Casistica di inammissibilità dell’appello ex 348-bis fondata su questioni preliminari
 Quando la decisione del Primo Giudice si sia fondata sulla rilevata tardività:
• della notificazione dell’opposizione a decreto ingiuntivo (App. Milano, I, 19/02/2013)
• della domanda riconvenzionale formulata in primo grado (App. Milano, I, 26/02/2013)
• dell’eccezione di nullità per difetto di forma scritta sollevata solamente in conclusionale (App. Milano, I
26/02/2013)
• nel contestare un fatto non contestato in Primo Grado (App. Napoli, 30/01/2013)

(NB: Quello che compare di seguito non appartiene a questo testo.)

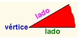 | Los lados del ángulo son las semirrectas que lo forman. El vértice del ángulo es el punto común que es origen de los lados. | |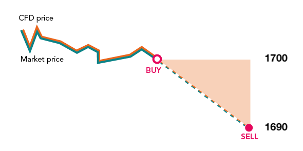 När du handlar med CFD:s kan du antingen välja att köpa eller sälja CFD kontrakt. Att köpa CFD gör du när du tror att priset på tillgången som kontraktet speglar kommer att öka. Om du istället tror att priset kommer att sjunka ska du sälja CFD. Förändringen i värdet på din position speglas av rörelsen i den underliggande marknaden.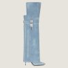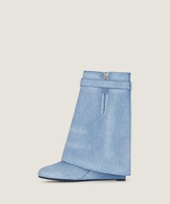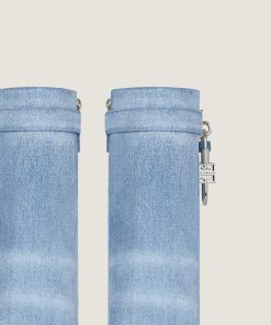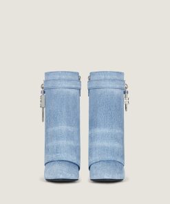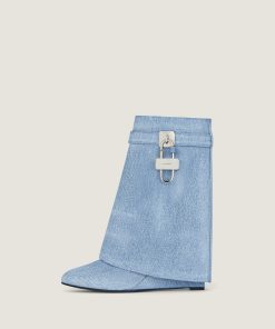 - Denim band with a GIVENCHY metal clasp and 4G padlock on the right boot.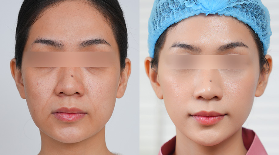 - Vùng má và cằm được nâng nhẹ tự nhiên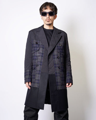 ・1914年に特許を取得した、アイコニックなマッキーノクルーザージャケットをコートにドッキングした、JUNYA WATANABE MANらしい再構築的デザイン。

• nella costituzione in giudizio, con conseguente preclusione/decadenza dalla possibilità di formulare
richieste istruttorie (App. Torino, Lav., 13/05/2014)
 Quando la decisione debba fondarsi su questioni pregiudiziali:
• carenza di legittimazione ad agire, in difetto di prospettazione da parte dell’appellante di diversa soluzione
(App. Milano, 11/02/2013)
• questione pregiudiziale sulla quale si è formato il giudicato esterno già durante il primo grado di giudizio
(App. Torino, IV, 1/10/2013)
 Quando debba essere rilevata la nullità dell’eccezione ex 345 c. 2) (App. Milano, I, 19/02/2013)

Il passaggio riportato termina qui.